Saturday also marked an important day for my colleague and friend, big Rick (aka Richard M. H.) Dude got married to the Cat in lovely church ceremony and now they can have Jamerican babies who will likely be giant engineers with a passion for the Big Ten. Wedding summary – they went through with it and crab cakes were served at the reception. They also misspelled Rick’s name at the reception site which, combined with the crab cakes, helped me enjoy the event from soup to nuts. I can’t decide if I will continue to call Rich – Rick or Richy – I love both names so very much. I also love the couple.People shouldn’t be this nice.

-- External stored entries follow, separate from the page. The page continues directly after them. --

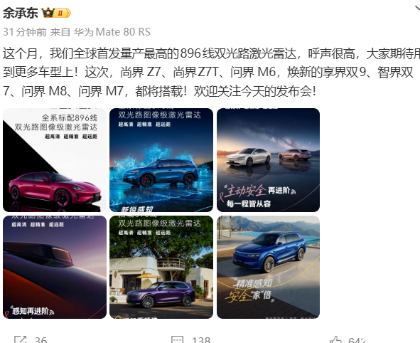 PChome 3月23日消息,华为常务董事、产品投资委员会主任、终端BG董事长余承东今日发文宣布,旗下尚界Z7与Z7T车型全系标配华为乾崑896线激光雷达,标志着这款全球量产线束最高的感知硬件正式落地。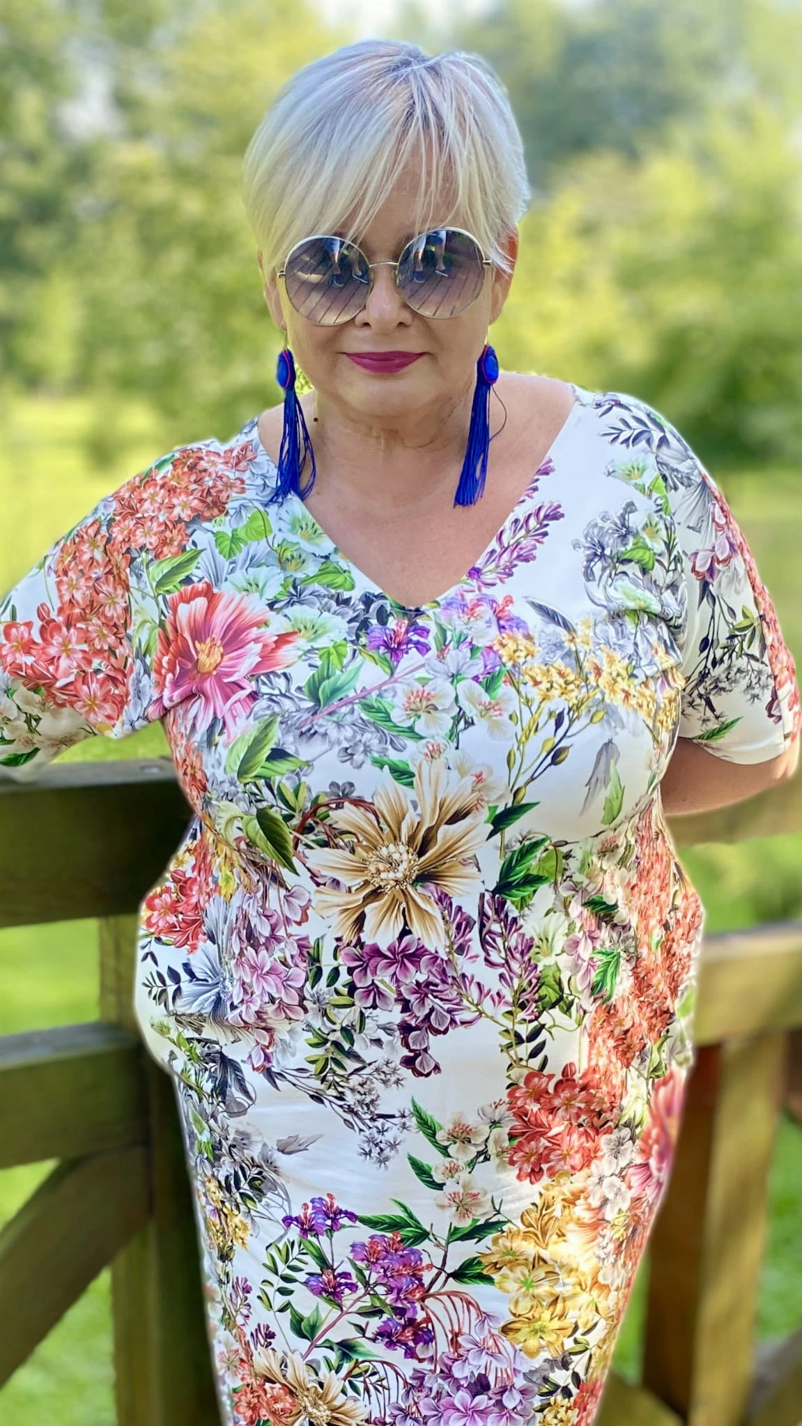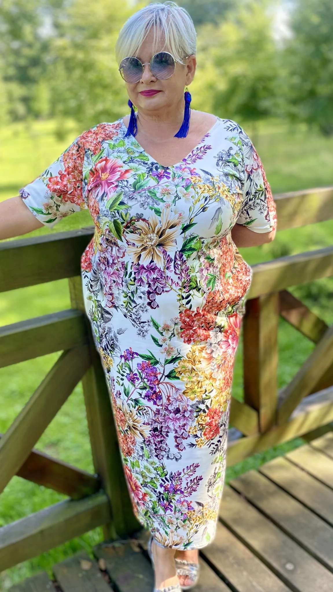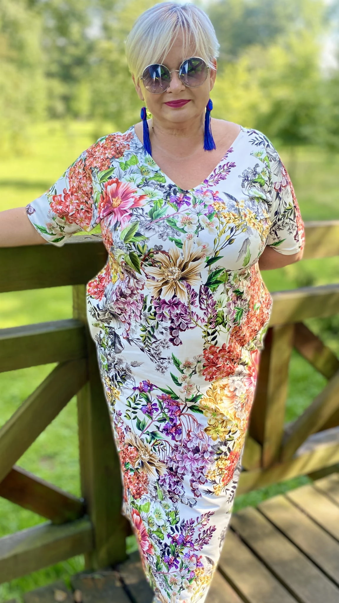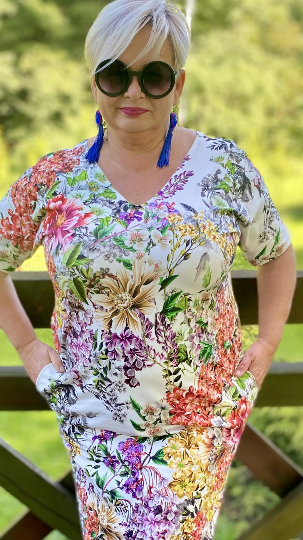 Sukienka elastyczna, całoroczna 56/58, biust 130/132 cm, z kieszeniami, bawełna 95%, fason prosty, klasyczny, idealna na większy biust, ŁĄKA KWIETNA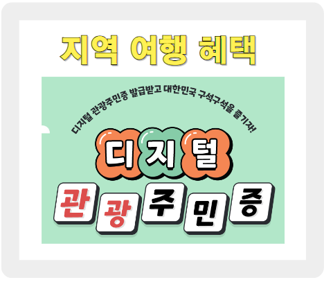 지역 여행 시 다양한 혜택을 누릴 수 있기 때문에 지역 살리기에 동참하는 의미에서 디지털 관광주민증을 발급받고, 혜택도 많이 누리시기 바랍니다.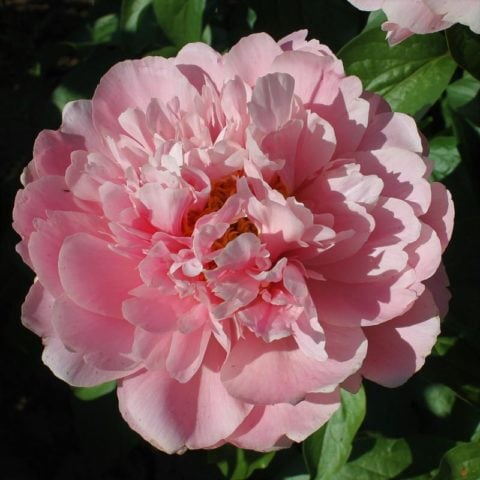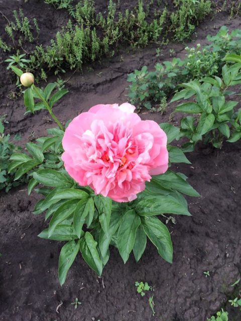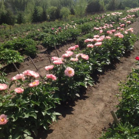 Semi-double flower form, well grown plants may produce full double flowers when mature. Salmon pink petals are of excellent substance. Color remains stable as flower matures and holds well until petal drop. One flower per stem with occasional side buds. The flowers are extra large and may reach a diameter of 8 inches. Foliage is large, dark green, broadly pointed, and holds well into autumn. Upright plant habit with thick stems needing no mechanical support makes for a handsome bush in the landscape. The bush is of medium height in the Midwest. It is a vigorous plant that shows exceptional increase and strong overall growth.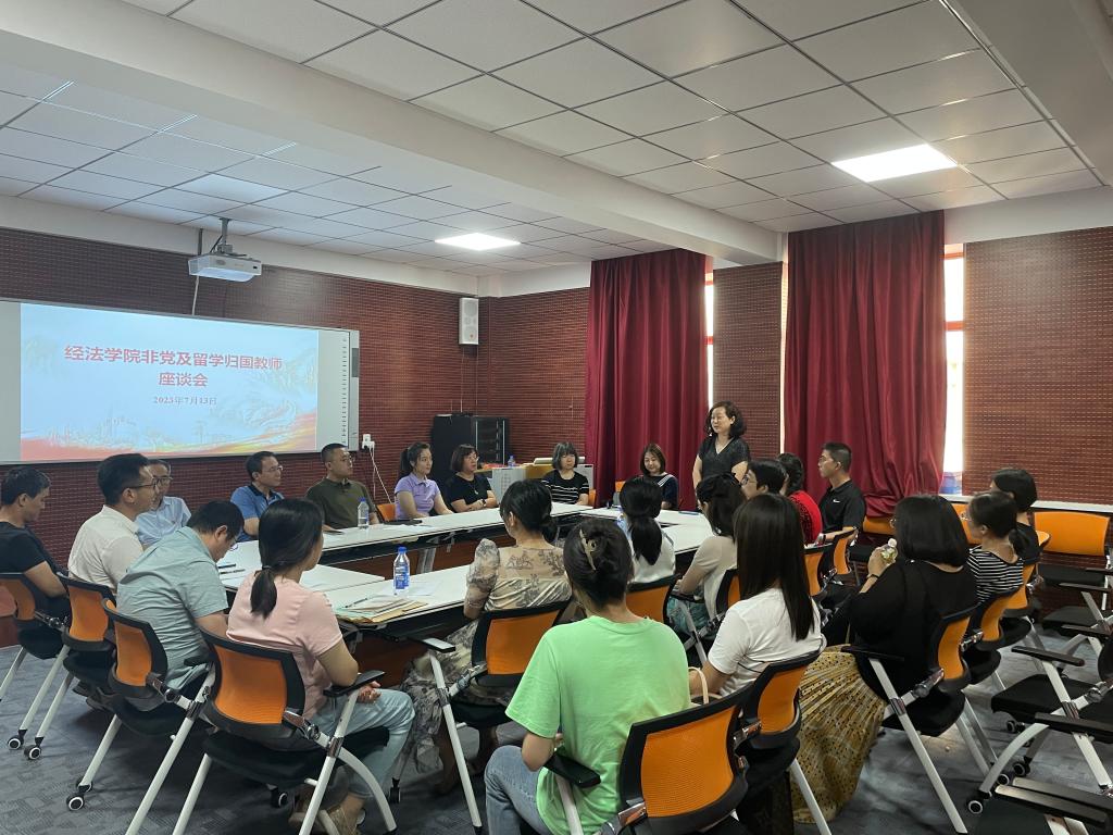 7月13日上午,經法學院于博識樓A407組織召開黨外人士及留學歸國教師座談會,會議由學院黨委成員、統(tǒng)戰(zhàn)委員魏曉妍主持,學院領導班子、黨外人士及留學歸國教師共計20余人參加了會議。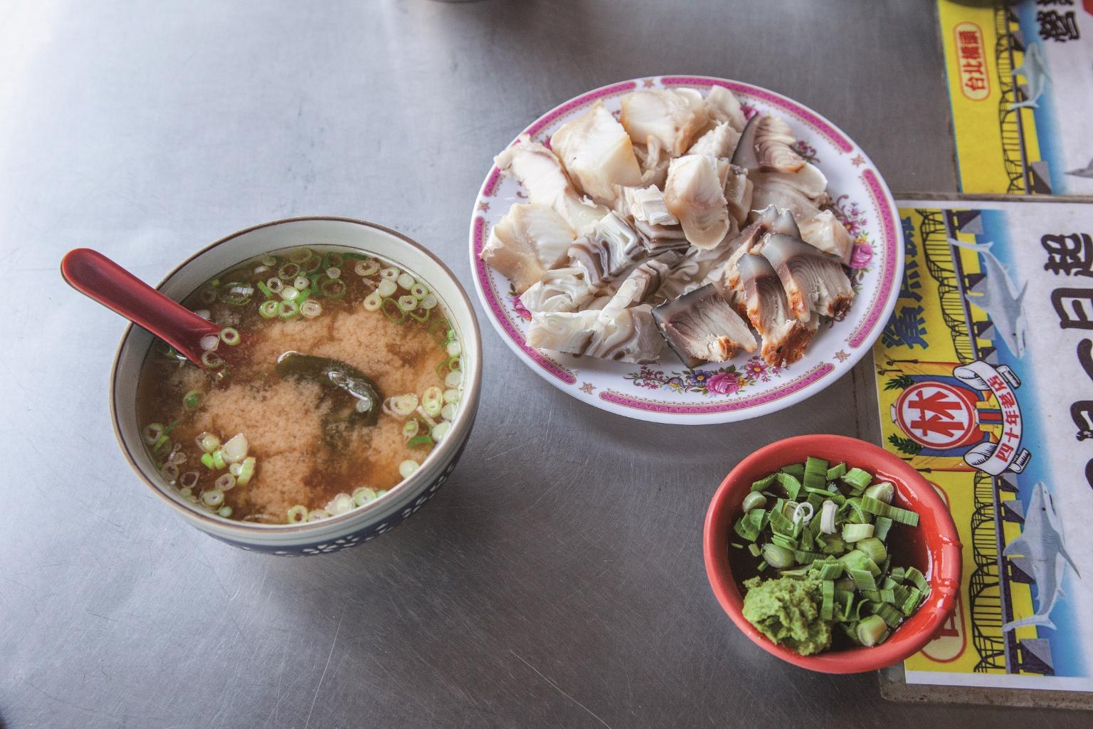 Hally建議第一次來嘗鮮的饕客,可以點份由鯊魚肉、魚皮所組成的綜合拼盤,淡淡煙燻味與具嚼勁的魚肉、Q滑的魚皮,一盤就能享受不同風味。「俗稱『QQ』的頭部透明膠質是我的最愛,蘸上獨家特調芥末蔥醬油,胃口再差的炎夏也會有食慾。」

Bliss. If this were a video you would see them posing for the photo, then Rick hugging me and accidentally pulling my already too short dress up a little higher…in front of Sherman (bossman). Yikes.

Richy.

The years of working with our Russian friends has rubbed off on one of the three guys pictured below. Hint, it’s not the actual Russian.

Berman, Ortiz and Sherman Flirchner

And to document the event for our newsletter – Voila! P.S. That is indeed a dress I am sporting. I wanted to clarify that fact for you, since at first glance you may think it’s a handkerchief. On a scale of zero to tramp I think it’s about a four. Fine, six. 

Apparently I cannot get enough canapes…wedding #2 was scheduled for Sunday. After the crabcake wedding, I took an hour-long metro ride back to DC and had the honor of sitting next to a girl who was telling her friends that she relies on Facebook for all of her news because the regular news is “too depressing.” Although I didn’t drink much at the wedding, I found myself wanting to vomit all over her. I didn’t because, as you might know, that would be grounds for arrest by the Metro police. Fascists. Though I have to say it is an exceptionally clean public transit system. I then took a cab ride with a driver who was texting while driving and I gave him the old one-two. Oh yea, I dropped the “I have a baby at home and don’t want to die line.” Five hours later I was high-fiving team Turner for my DCA drop-off and head to ‘sconsin for some FWC nuptials.

The wedding was perfect. Everyone says that, but it really was. WI countryside + beautiful weather + wonderful friends + super cover band = best night in ages. Plus the Hometown Sweethearts promised to learn “Pony” for the next FWC event. I love me some Ginuwine.

Could she be any lovelier?
some of the Family We Choose
Yes, we match. How ’bout it?
The Andersons roll with their handmade quilts.
What’s on tap for our anniversary weekend? Car repairs and cleaning. Oh yea, we are gabballers. Look it up.